# WHAT YOU HAVE TO DO:
Every line below from the one containing "MELBOURNE CENTRAL CITY STUDIOS" through the one containing "KEY PLAN SCALE 1:1000" is to be printed exactly, with the pictures omitted.

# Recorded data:

▼

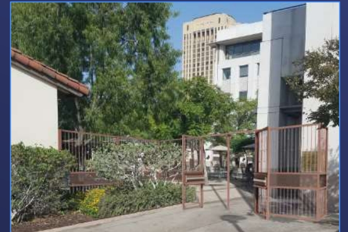
Renderings of courtyard security fencing & gates
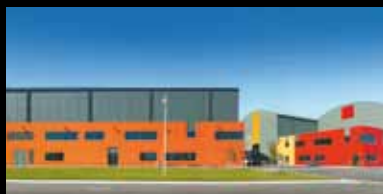
MELBOURNE CENTRAL CITY STUDIOS
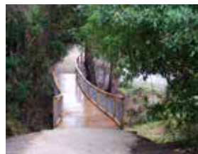
Shady Gully rainforest

J1) Shady Gully Walk: (0.6km) (Map1 E8 to C8) This walk passes through a dry sclerophyll forest of Mountain Grey Gum, Angophora and Stringy Bark and a remnant rainforest. Interpretive boards outline fauna and flora species of the area. A picnic table offers the opportunity for solitude.
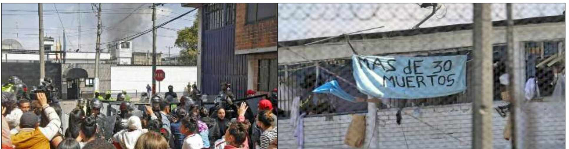
Colombia – Prisoners rebel after COVID-19 kills more than thirty in Bogota’s Modelo prison.
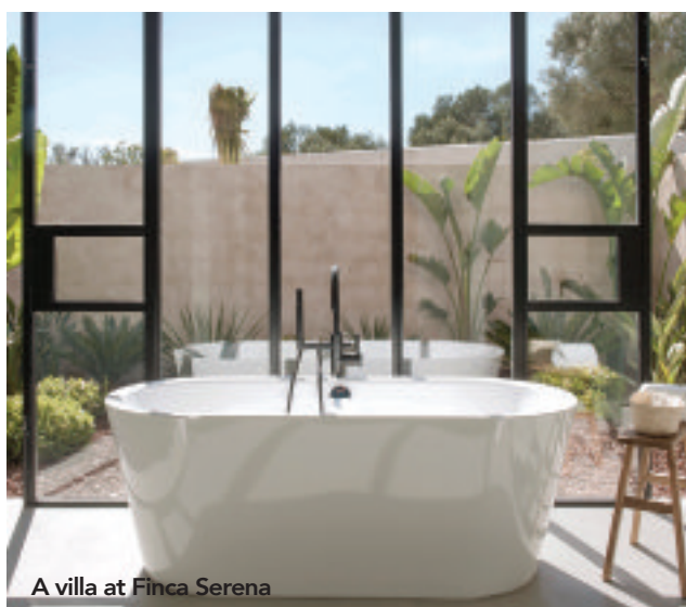
A villa at Finca Serena
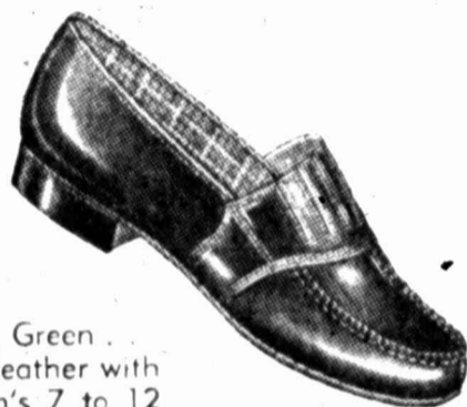
DEE GEE by Daniel Green... in black or brown leather with cordovan sole. Men's 7 to 12 B to D... 8.50.
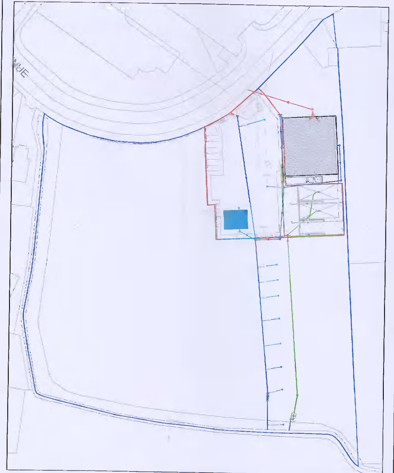
KEY PLAN SCALE 1:1000

NOTES: THIS DRAWING IN WHOLE OR IN PART SHALL NOT BE COPIED WITHOUT THE PRIOR PERMISSION OF McArdle DOYLE LTD. ALL WORKS TO COMPLY WITH THE CURRENT BUILDING REGULATIONS. DO NOT SCALE. ORDNANCE SURVEY IRELAND LICENCE No. AR 0105719 © ORDNANCE SURVEY IRELAND / GOVERNMENT OF IRELAND
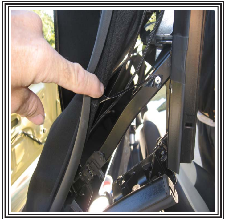
Pop rivet the strap on the side of the frame strut on each side of the frame.
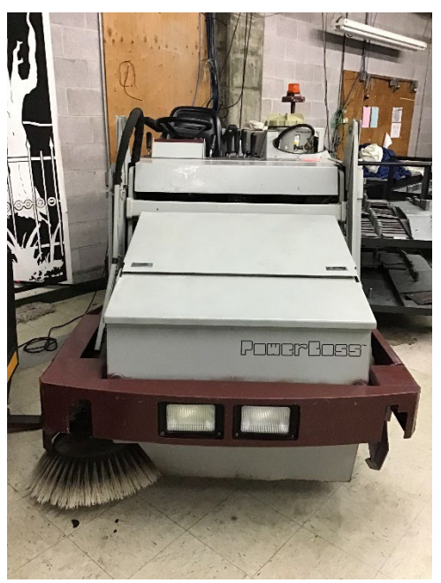
Riding Floor Machine
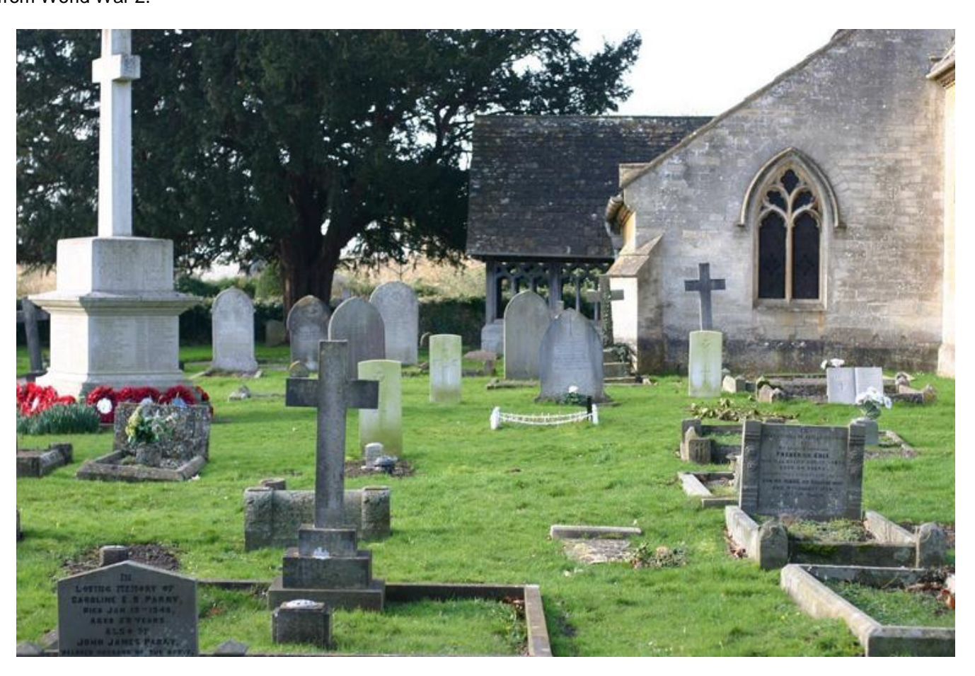
St. Saviour's Churchyard, Tetbury

St. Saviour's Church Cemetery, Tetbury contains 16 Commonwealth War Graves – 6 are from World War 1 & 10 are from World War 2.
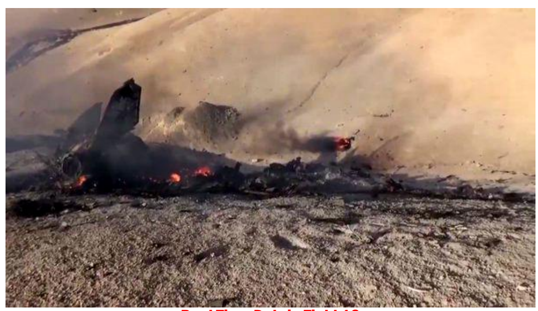
Real Time Debris Field 13

▲

# YOUR RESPONSE:
MELBOURNE CENTRAL CITY STUDIOS
Shady Gully rainforest

J1) Shady Gully Walk: (0.6km) (Map1 E8 to C8) This walk passes through a dry sclerophyll forest of Mountain Grey Gum, Angophora and Stringy Bark and a remnant rainforest. Interpretive boards outline fauna and flora species of the area. A picnic table offers the opportunity for solitude.
Colombia – Prisoners rebel after COVID-19 kills more than thirty in Bogota’s Modelo prison.
A villa at Finca Serena
DEE GEE by Daniel Green... in black or brown leather with cordovan sole. Men's 7 to 12 B to D... 8.50.
KEY PLAN SCALE 1:1000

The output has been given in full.